Following the October 2017 consultation, a second consultation was launched by the Authority in June 2018. The interim conclusions of the first consultation help to guide the discussions. Discussions on the revision of the scope of merger control focus on the creation of new thresholds, including a transaction value threshold, and the introduction of ex-post control. The Authority has not retained the proposal to create new thresholds. The market share threshold, which exists in Spain, was abandoned in France in 2001 and there is no reason for the Authority to reinstate it. The transaction value threshold has had a strong echo in Europe: it was introduced in Germany and Austria and was referred to in the Commission’s consultation in 2017.

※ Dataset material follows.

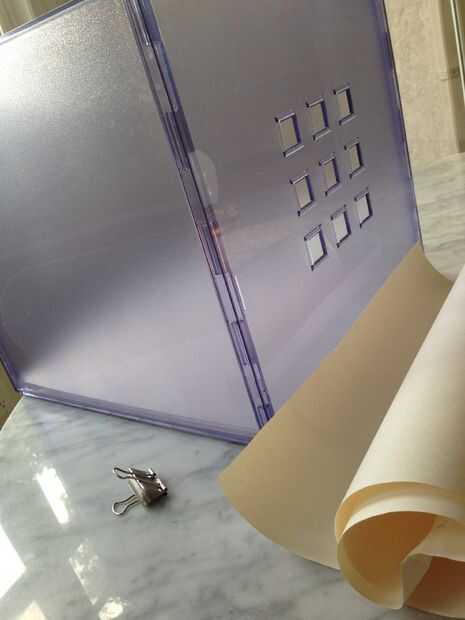 Para hacer esta caja ligera rápida y fácil todo lo que necesita son una caja de Ikea Lekman transparente (u otra caja translúcida) un pedazo de dibujo papel de 14 pulgadas (35 cm) por 28 pulgadas (70 cm) y una carpeta clip blanco.

This additional threshold could be considered necessary to fill a "blind spot" in the control of centrations concerning structuring transactions for a certain market that do not exceed the turnover threshold, more specifically acquisitions of competitive start-ups. However, this proposal for an additional threshold has significant drawbacks. The Authority did not consider it to be an appropriate route at present for the French scheme. It prefers to explore the possibility of introducing ex-post control, which already exists in several European countries in various forms.

The Swedish model is the closest to the one envisaged by the Authority: this model includes a turnover threshold for ex ante control and the possibility of ex post control at the initiative of the Swedish authority or the parties. It is a targeted procedure which has resulted in ten to twenty decisions over the last two decades. While the threshold in terms of transaction value concerns only one type of transactions currently outside control, the specific case of transactions with low turnover and high transaction value, ex-post control would allow the scope to be extended to several types of concentrations raising competition concerns. It would require safeguards to ensure legal certainty, but this seems feasible in the light of international and historical examples: it should be noted that ex post control is the origin of merger control, particularly in North America.